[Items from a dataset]
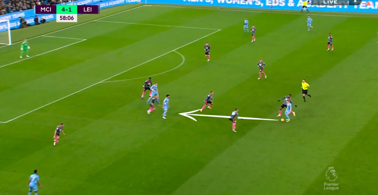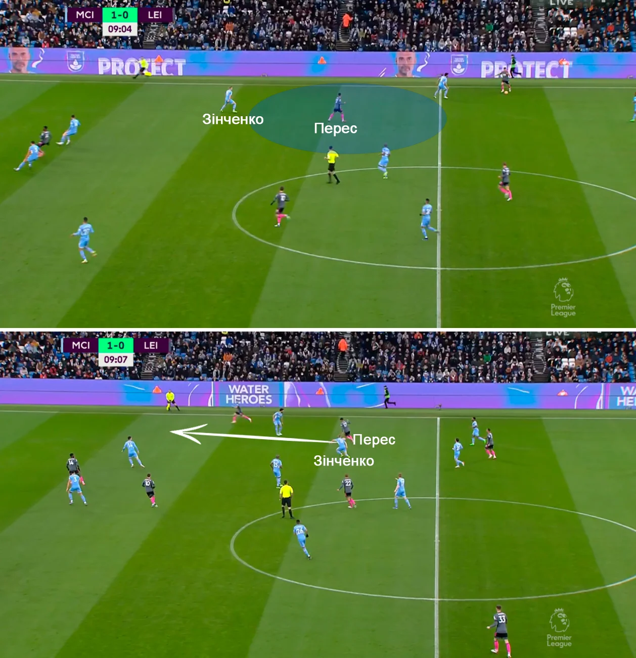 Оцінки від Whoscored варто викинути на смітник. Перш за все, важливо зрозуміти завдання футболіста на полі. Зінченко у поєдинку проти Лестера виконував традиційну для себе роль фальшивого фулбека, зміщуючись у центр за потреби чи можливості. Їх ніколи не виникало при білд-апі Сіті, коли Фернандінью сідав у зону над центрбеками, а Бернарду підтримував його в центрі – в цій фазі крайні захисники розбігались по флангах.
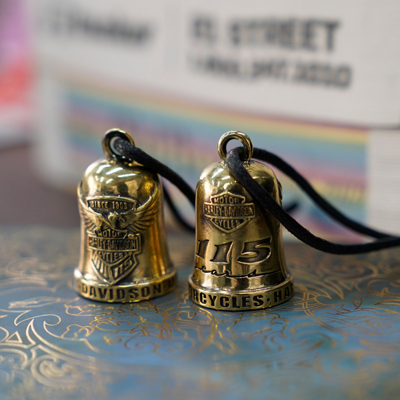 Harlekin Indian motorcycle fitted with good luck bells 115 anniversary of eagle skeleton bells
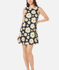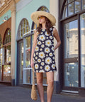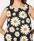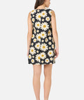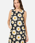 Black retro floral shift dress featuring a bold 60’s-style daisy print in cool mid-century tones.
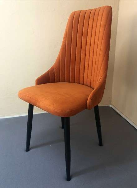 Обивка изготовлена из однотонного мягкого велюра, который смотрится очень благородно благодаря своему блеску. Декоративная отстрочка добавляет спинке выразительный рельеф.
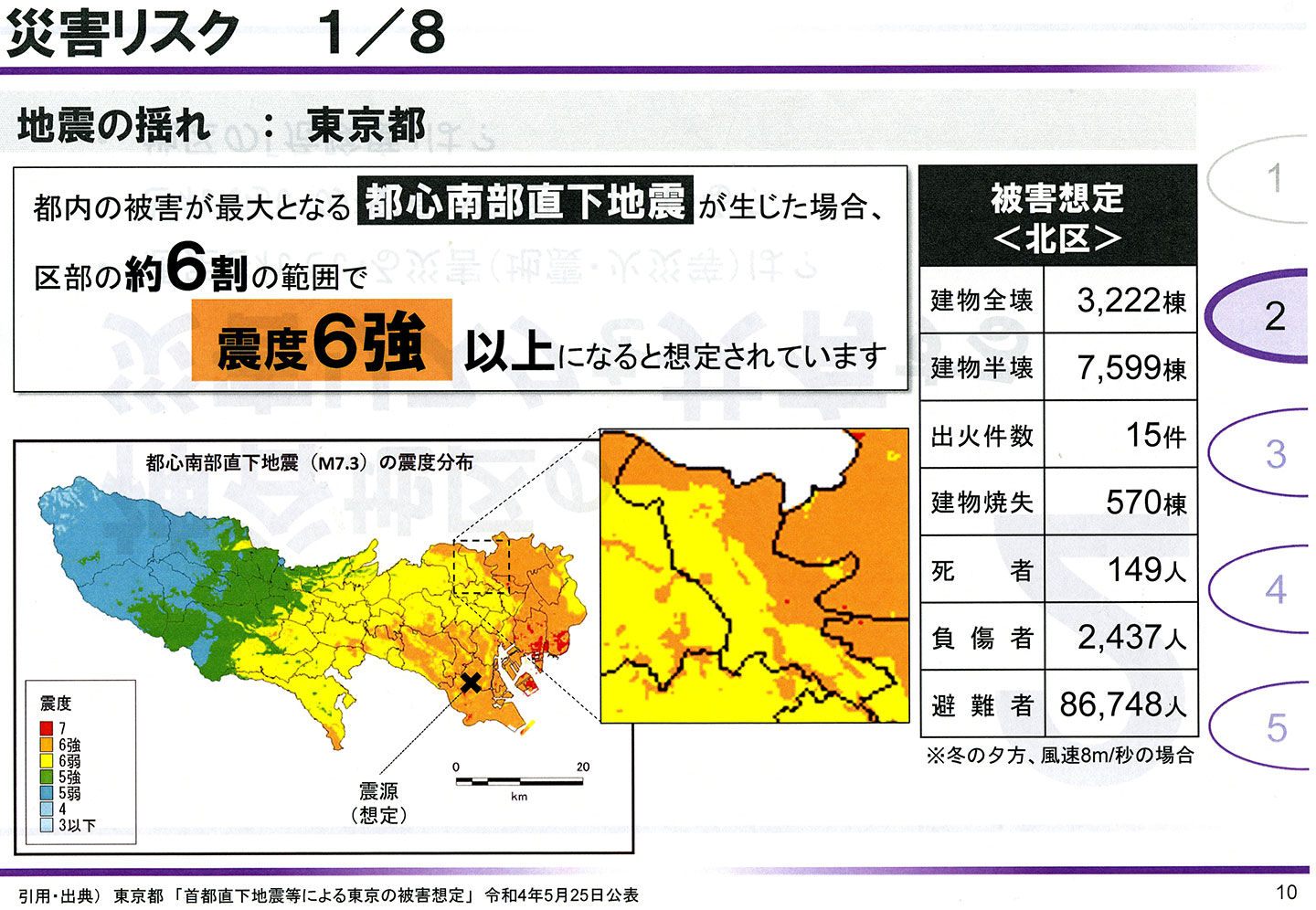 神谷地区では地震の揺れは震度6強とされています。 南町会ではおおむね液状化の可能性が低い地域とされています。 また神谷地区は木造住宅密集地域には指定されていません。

TASK STATEMENT: Leave the pictures out and output the rest of the data word for word.

WRITTEN RESPONSE:
 Оцінки від Whoscored варто викинути на смітник. Перш за все, важливо зрозуміти завдання футболіста на полі. Зінченко у поєдинку проти Лестера виконував традиційну для себе роль фальшивого фулбека, зміщуючись у центр за потреби чи можливості. Їх ніколи не виникало при білд-апі Сіті, коли Фернандінью сідав у зону над центрбеками, а Бернарду підтримував його в центрі – в цій фазі крайні захисники розбігались по флангах.
 Harlekin Indian motorcycle fitted with good luck bells 115 anniversary of eagle skeleton bells
 Black retro floral shift dress featuring a bold 60’s-style daisy print in cool mid-century tones.
 Обивка изготовлена из однотонного мягкого велюра, который смотрится очень благородно благодаря своему блеску. Декоративная отстрочка добавляет спинке выразительный рельеф.
 神谷地区では地震の揺れは震度6強とされています。 南町会ではおおむね液状化の可能性が低い地域とされています。 また神谷地区は木造住宅密集地域には指定されていません。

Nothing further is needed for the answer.